* [Required work]: For the entries that follow, retype exactly the lines from the one containing "KOMPLET POŚCIELI 200x220" to the one containing "Wyciągarka została wykonana", inclusive, and only those. Images stay out of the copy.

* [Supplied information]:

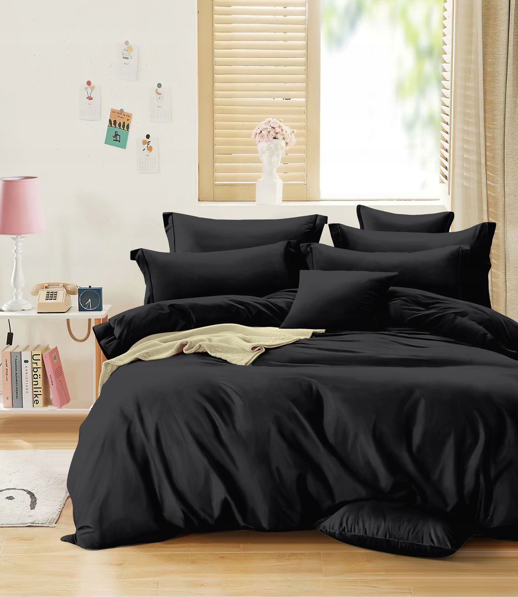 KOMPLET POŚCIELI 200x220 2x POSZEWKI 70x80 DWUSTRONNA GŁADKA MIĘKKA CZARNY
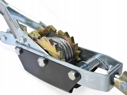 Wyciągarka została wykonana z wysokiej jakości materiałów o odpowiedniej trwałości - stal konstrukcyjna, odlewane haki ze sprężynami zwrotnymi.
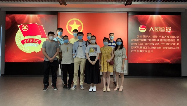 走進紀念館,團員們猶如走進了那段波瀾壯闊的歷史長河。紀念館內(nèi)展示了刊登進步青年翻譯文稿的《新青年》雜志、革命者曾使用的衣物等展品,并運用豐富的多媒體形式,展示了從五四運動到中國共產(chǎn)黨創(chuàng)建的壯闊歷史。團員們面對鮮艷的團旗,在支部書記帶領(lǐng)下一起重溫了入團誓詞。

* * *

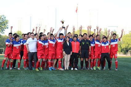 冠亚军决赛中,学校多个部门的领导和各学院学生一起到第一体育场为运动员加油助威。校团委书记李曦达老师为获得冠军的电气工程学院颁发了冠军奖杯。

--

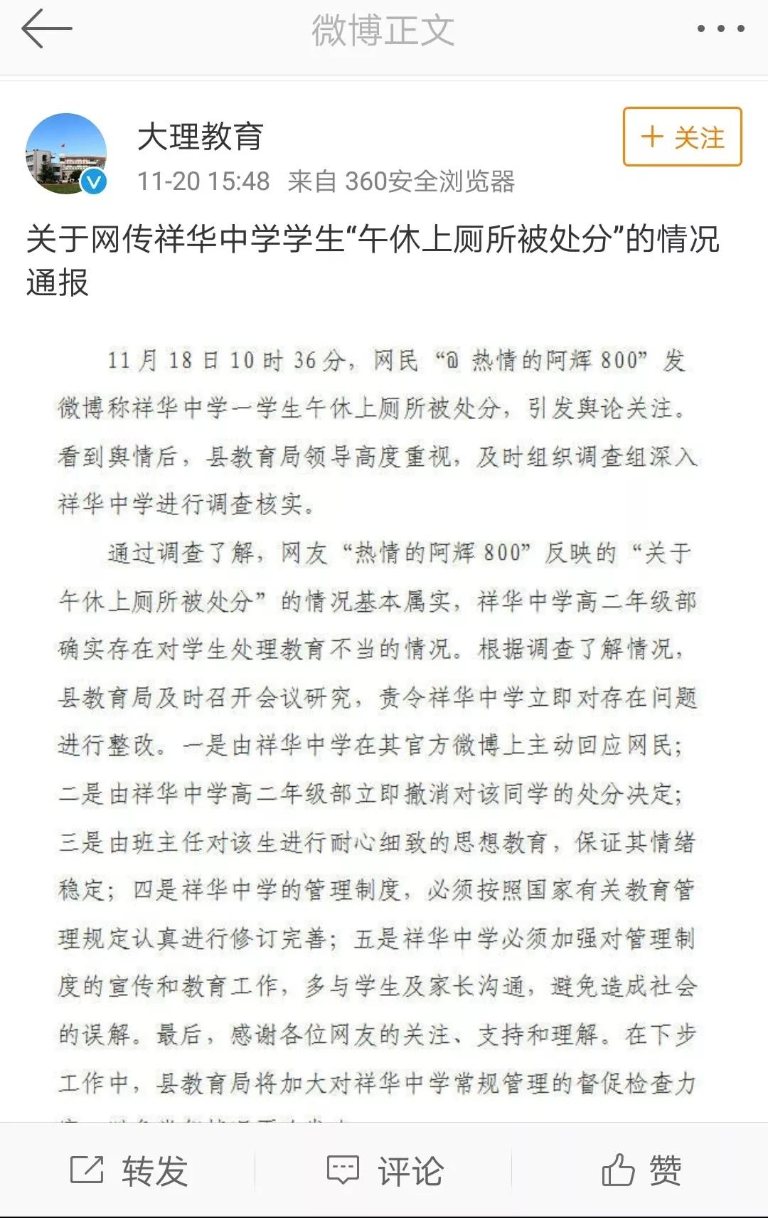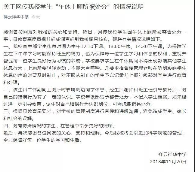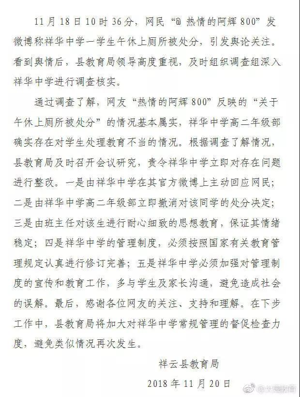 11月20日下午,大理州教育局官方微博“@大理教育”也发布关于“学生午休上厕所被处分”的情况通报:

* [Exercise output]:
 KOMPLET POŚCIELI 200x220 2x POSZEWKI 70x80 DWUSTRONNA GŁADKA MIĘKKA CZARNY
 Wyciągarka została wykonana z wysokiej jakości materiałów o odpowiedniej trwałości - stal konstrukcyjna, odlewane haki ze sprężynami zwrotnymi.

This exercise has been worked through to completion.